## ASSIGNED TASK
Go through the lines of the material and count the ones with the word "custom". Give that count alone.

START EXERCISE DATA

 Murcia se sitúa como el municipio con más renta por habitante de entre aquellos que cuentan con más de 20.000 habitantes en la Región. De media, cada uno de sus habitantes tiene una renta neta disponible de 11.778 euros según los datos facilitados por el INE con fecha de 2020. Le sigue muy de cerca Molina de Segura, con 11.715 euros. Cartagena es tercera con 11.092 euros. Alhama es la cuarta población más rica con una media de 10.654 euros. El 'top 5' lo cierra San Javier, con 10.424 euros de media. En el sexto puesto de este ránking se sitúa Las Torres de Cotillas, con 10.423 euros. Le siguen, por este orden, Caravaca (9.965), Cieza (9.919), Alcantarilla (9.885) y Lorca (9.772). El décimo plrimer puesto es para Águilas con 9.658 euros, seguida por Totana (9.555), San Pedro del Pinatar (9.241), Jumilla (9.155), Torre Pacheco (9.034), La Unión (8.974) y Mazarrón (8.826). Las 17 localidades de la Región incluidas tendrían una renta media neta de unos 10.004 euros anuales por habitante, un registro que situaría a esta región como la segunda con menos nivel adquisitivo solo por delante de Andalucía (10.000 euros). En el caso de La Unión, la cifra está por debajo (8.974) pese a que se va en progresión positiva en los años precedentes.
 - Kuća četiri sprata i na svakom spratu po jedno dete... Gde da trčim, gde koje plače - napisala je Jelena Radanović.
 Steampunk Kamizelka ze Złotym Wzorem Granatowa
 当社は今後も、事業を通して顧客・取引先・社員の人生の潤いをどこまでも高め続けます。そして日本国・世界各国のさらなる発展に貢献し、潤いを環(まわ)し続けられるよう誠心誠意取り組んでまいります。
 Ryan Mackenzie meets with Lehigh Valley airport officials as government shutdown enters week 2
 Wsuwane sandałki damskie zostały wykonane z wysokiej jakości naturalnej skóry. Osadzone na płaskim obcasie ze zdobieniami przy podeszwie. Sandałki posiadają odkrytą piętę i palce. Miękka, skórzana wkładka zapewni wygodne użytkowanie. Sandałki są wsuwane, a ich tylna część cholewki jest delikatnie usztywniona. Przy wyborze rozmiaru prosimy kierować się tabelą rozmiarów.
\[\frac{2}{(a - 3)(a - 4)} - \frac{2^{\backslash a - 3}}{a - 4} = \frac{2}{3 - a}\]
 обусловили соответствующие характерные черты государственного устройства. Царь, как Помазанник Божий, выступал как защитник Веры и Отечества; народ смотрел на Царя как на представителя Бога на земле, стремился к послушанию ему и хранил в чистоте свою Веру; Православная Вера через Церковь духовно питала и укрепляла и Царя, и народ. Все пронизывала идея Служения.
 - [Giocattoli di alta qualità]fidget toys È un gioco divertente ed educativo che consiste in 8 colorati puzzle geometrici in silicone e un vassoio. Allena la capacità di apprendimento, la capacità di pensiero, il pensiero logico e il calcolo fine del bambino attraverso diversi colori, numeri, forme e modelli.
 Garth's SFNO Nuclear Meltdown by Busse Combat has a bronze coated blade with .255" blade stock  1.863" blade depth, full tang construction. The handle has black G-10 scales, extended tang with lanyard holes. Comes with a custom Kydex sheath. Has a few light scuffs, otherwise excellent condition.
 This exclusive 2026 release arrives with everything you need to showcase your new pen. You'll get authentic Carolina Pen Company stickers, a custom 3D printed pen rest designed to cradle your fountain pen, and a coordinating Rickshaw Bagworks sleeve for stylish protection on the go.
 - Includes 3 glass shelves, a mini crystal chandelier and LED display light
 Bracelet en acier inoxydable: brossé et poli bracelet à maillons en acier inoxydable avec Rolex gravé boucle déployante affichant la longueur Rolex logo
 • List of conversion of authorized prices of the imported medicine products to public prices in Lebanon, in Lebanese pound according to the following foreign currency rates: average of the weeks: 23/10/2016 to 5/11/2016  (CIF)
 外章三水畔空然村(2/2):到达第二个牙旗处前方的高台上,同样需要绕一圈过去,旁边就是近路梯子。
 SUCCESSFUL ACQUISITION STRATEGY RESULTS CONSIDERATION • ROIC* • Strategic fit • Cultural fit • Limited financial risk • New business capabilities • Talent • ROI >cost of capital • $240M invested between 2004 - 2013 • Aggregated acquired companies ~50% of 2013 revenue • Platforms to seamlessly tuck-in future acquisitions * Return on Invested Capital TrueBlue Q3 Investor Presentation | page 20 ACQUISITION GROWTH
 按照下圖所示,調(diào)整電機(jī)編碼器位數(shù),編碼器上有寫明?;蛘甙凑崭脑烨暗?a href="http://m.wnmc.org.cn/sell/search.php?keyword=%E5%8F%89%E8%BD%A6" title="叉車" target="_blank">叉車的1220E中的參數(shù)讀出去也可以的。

END EXERCISE DATA

## WRITTEN ANSWER
2